今年4月1日から適用される制度改正によって、経済的要件と成績要件をクリアすれば、大学や短大、専門学校といった高等教育機関の、授業料と入学金が支援される。
例えば、国公立大学の場合、授業料相当の約54万円が全額免除。私立大学では、最大約96万円まで減額され、そこで足りなくても返済不要の給付型奨学金制度を使えば、最大で約91万円まで学費や生活費が支給される。
うまくいけばこれで、社会問題になっている奨学金の長期返済問題を解消できる。ただし、所得制限が厳しく、住民税非課税世帯とそれに準じる世帯で、資産も生計維持者が1人の場合は1250万円未満、2人の場合は2000万円未満と定められている。

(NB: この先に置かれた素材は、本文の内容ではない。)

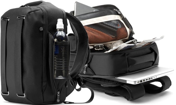 The bag is made out of ballistic nylon with a waterproof coating, so it’s designed to stand up to the elements. There’s room for either a 15” or 17” MacBook Pro in the dedicated laptop rigid-frame compartment, and of course there are plenty of other pockets for all your other goodies. In fact, the interior layout is optimized for notebook computer accessories.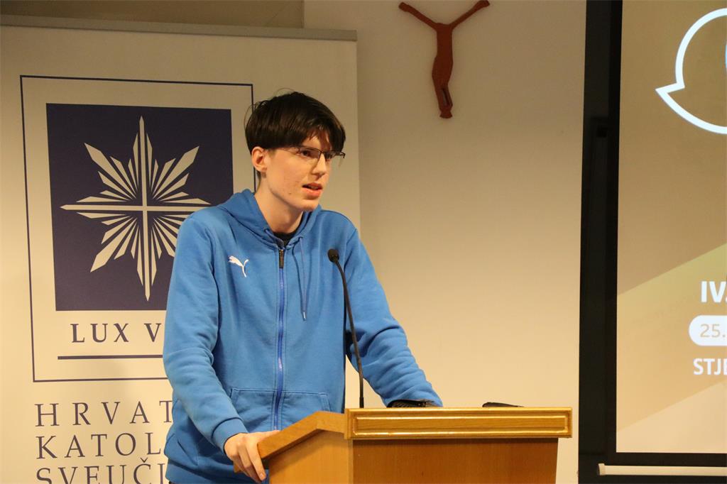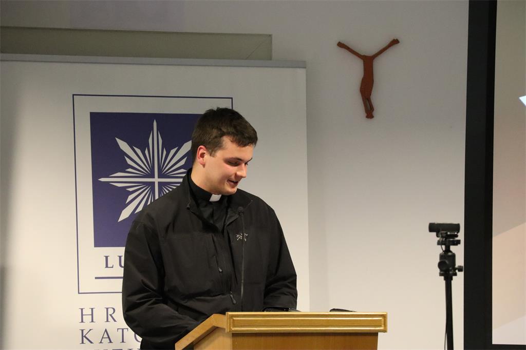 Nakon izlaganja, uslijedili su interventi dvojice sudionika: Luke Marasa, bogoslova Zagrebačke nadbiskupije, i Filipa Krznara, učenika XV. gimnazije.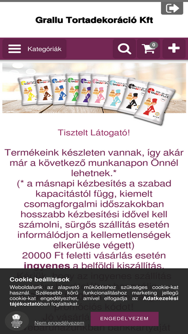 76%Információk, Cukrászkellék és alapanyag webáruház. Rendelj online! Egyszerű, kényelmes, gyors. Akár ingyenes szállítással. Bankkártyás fizetési lehetőséggel.

成績も審査の対象で、高校の成績が5段階評価で平均3.5以上、あるいはレポートや面談などで学習意欲の高さが認められる者のみとなる。大学入学後も、成績や出席状況について厳しい要件が定められている。ファイナンシャルプランナーの大竹のり子さんはこう語る。

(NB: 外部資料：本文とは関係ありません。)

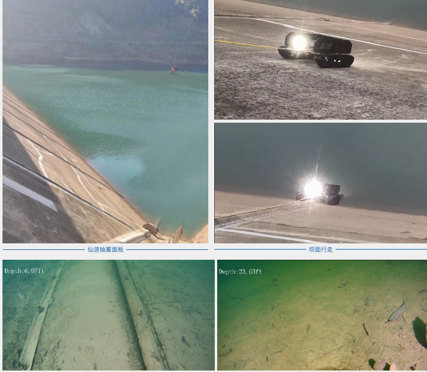 仙游抽蓄下库为面板堆石坝,采用机器人进行了面板水上和水下一体化检测,检测车采用履带式驱动结构,以保证设备能在坡面起伏较大的环境下正常工作

「注意すべきは、対象世帯でもすべてが無料になるわけではないこと。支給されるのは授業料と入学金だけで、それにも上限があります。上限を超えてしまった場合は、自分で払うことになります。特に、私大生のひとり暮らしは、トータルの支出が年間200万円以上かかるとされ、上限額で支給されても、足が出るでしょう」
いずれにしても、給付がおりるまで時間がかかるため、入学時にはすべての費用を立て替える必要があるため、あらかじめまとまったお金を用意しておかなければならない。制度をアテにして費用のかかる私大のひとり暮らしコースだけに選択肢を絞るのではなく、お金のかからない道も用意しておいた方が得策だ。